The interconnectedness that occurs through community is essential to being a Jesus follower to Benedict. But if this connectedness does not have time to take root how can we as people, with all our defense mechanisms and avoidance allow ourselves to be known? Having been part of a community (Circle of Hope) for some time now as allowed me to become comfortable enough with myself to be more accepting of my limitations. Rather than make us feel limited this can free us up to accept ourselves be free to act according to our gifts.

Suggestion for action

Pray: But he said to me, “My grace is sufficient for you, for my power is made perfect in weakness.” Therefore I will boast all the more gladly about my weaknesses, so that Christ’s power may rest on me.

 

May 26, 2016 — Collaborators

Today’s Bible reading

But Zion said, “The Lord has forsaken me; my Lord has forgotten me.” “Can a woman forget her nursing child, that she should have no compassion on the son of her womb? Even these may forget, yet I will not forget you. Behold, I have engraved you on the palms of my hands; your walls are continually before me. — Isaiah 49:14-16

More thoughts for meditation

Obedience is a risky business. It is much easier to talk about it than to act it out. It means being prepared to take my life in my hands and place it in the hands of God.
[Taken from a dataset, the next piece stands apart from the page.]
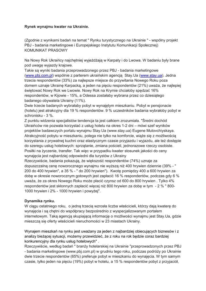 Rynek wynajmu kwater na Ukrainie. (Zgodnie z wynikami badań na temat " Rynku turystycznego na Ukrainie " - wspólny projekt PBJ - badania marketingowe i Europejskiego Instytutu Komunikacji Społecznej) KOMUNIKAT PRASOWY Na Nowy Rok Ukraińcy najchętniej wyjeżdżają w Karpaty i do Lwowa. W badaniu były brane pod uwagę wyjazdy krajowe. Takie są wyniki badania przeprowadzonego przez PBJ - badania marketingowe (www.pbj.com.pl) wspólnie z parterem ukraińskim agencją Stay.Ua (www.stay.ua). Jedna trzecia respondentów (33%) za najlepsze miejsce do przywitania Nowego Roku poza domem uznaje Ukrainę Karpacką, a jeden na pięciu respondentów (21%) uważa, że najlepiej świętować Nowy Rok we Lwowie. Nowy Rok na Krymie chciałoby spędzać 16% respondentów, w Kijowie - 15%, a Odessa zostałaby wybrana przez co dziesiątego badanego obywatela Ukrainy (11%). Dwie trzecie badanych wybrałaby pobyt w wynajętym mieszkaniu. Pobyt w pensjonacie (hotelu) jest atrakcyjny dla 19 % respondentów. 9 % uczestników badania wybrałoby pobyt w schronisku - 3 %. Z punktu widzenia specjalistów tendencja ta jest całkiem zrozumiała. "Średni dochód Ukraińców nie pozwala korzystać z usług hotelu na okres 1-2 dni – mówi szef wyników projektów badawczych portalu wynajmu Stay.Ua (www.stay.ua) Eugene Mutovchiyskaya. Atrakcyjność pobytu w mieszkaniu, polega nie tylko na komforcie, wiąże się z możliwością korzystania z prywatnej kuchni oraz elastycznym czasie przyjazdu i wyjazdu, ale też dostępie do szeregu usług hotelowych: sprzątanie, zmiana pościeli, jednorazowe rzeczy osobiste. Posiłki na życzenie, transfer. Tak więc w przypadku kwater stosunek jakości do ceny wynajęcia jest najbardziej odpowiedni dla turystów z Ukrainy Rzeczywiście, badania pokazują, że większość respondentów (74%) uznaje za dopuszczalną cenę noworocznego wynajmu nie wyższą niż 400 hrywien dziennie (39% - " 200 do 400 hrywien", a 35 % - " do 200 hrywien"). Kwotę pomiędzy 400 a 600 hrywien za dobę w okresie noworocznym gotowych jest zapłacić 16 % respondentów, podczas gdy 6 % uważa, że za okres Nowego Roku może płacić czynsz od 600 do 800 hrywien . Tylko 4% respondentów jest skłonnych zapłacić więcej niż 800 hrywien za dobę w tym - 2 % " 8001000 hrywien i 2% - 1000 hrywien i powyżej". Dynamika rynku. W ciągu ostatniego roku, o jedną trzecią wzrosła liczba właścicieli, którzy dają kwaterę do wynajęcia i są chętni do współpracy bezpośrednio z wyspecjalizowanym portalem internetowym. Taką agencją skupiającą informację o możliwości wynajmu jest Stay.Ua, gdzie mieszczą się oferty właścicieli nieruchomości w 23 miastach Ukrainy. Wynajem mieszkań na rynku jest uważany za jeden z najbardziej obiecujących biznesów i z analizy bieżącej sytuacji, możemy przewidzieć, że z roku na rok będzie coraz bardziej konkurencyjny dla rynku usług hotelowych" . Rzeczywiście, według badań " branży hotelarskiej na Ukrainie "przeprowadzonych przez PBJ - badania marketingowe (www.pbj.com.pl) w grudniu tego roku, podczas podróży po Ukrainie dwie trzecie respondentów (65%) preferuje pobyt w mieszkaniu do wynajęcia. W tym samym czasie, tylko jeden na pięciu (19%) pobyt w hotelu, a 15 % respondentów pobyt z przyjaciół, znajomych lub krewnych. Ich wybór podyktowany jest korzystną ceną, która jest najważniejszą przyczyną takich preferencji dla co czwartego respondenta. Według badania PBJ zdecydowana większość respondentów (90%) jest gotowa płacić za mieszkanie w podróży nie więcej niż 400 hrywien dziennie. Podczas gdy 53 % jest w stanie zapłacić za wynajem dzienny od 200 do 400 hrywien, a 37 % chce cena zmieściła się w kwocie do 200 hrywien. Ponad 400 hrywien jest w stanie zapłacić za dzienny wynajem, tylko 9 % badanych. Restrukturyzacja rynku dziennego wynajmu mieszkań na Ukrainie. Według agencji badania Stay.ua i właścicieli kwater w ostatnich latach rynek wynajmu dziennego mieszkań na Ukrainie jest w trakcie restrukturyzacji. Istnieje kilka powodów tej sytuacji. Po pierwsze, w ciągu ostatnich trzech lat, udział turystyki rośnie. Ta tendencja stabilnie się utrzymuje od 2011 roku. Według lokalnego Stowarzyszenia Liderów wzrostu rynku w branży turystycznej w 2013 r. wynosił 10%. Po drugie, infrastruktura hotelowa nie nadąża, aby sprostać wymaganiom rynku. Kryzys finansowy z lat 2008-2009 doprowadził do zamrożenia wielu projektów na rynku hoteli lepszej jakości. Choć dziś sytuacja się zmienia, oddanie do eksploatacji wystarczającej liczby hoteli jest wciąż nieuchwytnym celem. Konsumenci z 4-5-gwiazdkowych hoteli w stolicy to głównie zagraniczni goście biznesowi. Obsługa wielu hoteli, zadeklarowanych jako " trzy gwiazdki" często pozostawia wiele do życzenia, a ceny są zbyt wysokie w stosunku do jakości usług. "W tej sytuacji, wielu turystów krajowych woli pozostać w prywatnych apartamentach. W pierwszej kolejności, ponieważ tutaj są przystępne ceny” - wyjaśnia Anna Torgonskaya. Ponadto, klienci otrzymują coś w rodzaju "premii " - atmosferę domu, obecność wszystkich niezbędnych urządzeń. Ponadto, takie firmy jak Stay.Ua gwarantują klientom wygodny proces rezerwacji i prywatność. Korzyści właściciela. Rynek dziennego wynajmu dla wielu właścicieli wydaje się być o wiele bardziej opłacalny niż długoterminowy wynajem mieszkań. Coraz częściej usługi wynajmu są przeprowadzane dzięki partnerstwie firm wspomagających. Całkowity koszt pobytu wielu osób w ciągu miesiąca jest wyższy niż zamieszkanie jednego klienta. Właściciele mają świadomość, że już nie muszą tracić czasu i energii na poszukiwanie nowych klientów. Mogą oni przekazać swoje apartamenty w zarządzanie operacyjne do firm, które mają pewien procent za usługi pośrednictwa . Nasz adres: PBJ badania Marketingowe www.pbj.com.pl ul . Surowieckiego 12 lok . 218 B, Warszawa Tel. : 22/855 49 09 Mail:

Yet by doing this we discover that in fact God has made us collaborators with him, since what he was drawing out of us in our moments of decision or crisis was not blind obedience and mechanical conformity, but rather an obedience that asked us to take moral responsibility for ourselves. Only perhaps in looking back can we see the extent to which obedience has encouraged a process of growth and of self-transcendence.

What is asked from us is not the securing of a correct answer but something much freer and more creative. “The Christian and monastic model for discerning God’s will in a given situation is not that of finding the solution of a crossword puzzle,” says a recent Benedictine discussion of obedience, “where the answer must be exactly right, fitted to some preconceived plan. A better model is that we are given building blocks and have to see what can be done with them, using in the task all our intelligence, sensitivity and love.”

Suggestions for action

I like thinking how God loves me enough to make me part of his redemption project — not just to be a watcher, but to be an active participant. What part of God’s redemption project are you apart of? Be grateful that you get to be part of it.  On what are you and God collaborating? Can you freely take that responsibility, yet?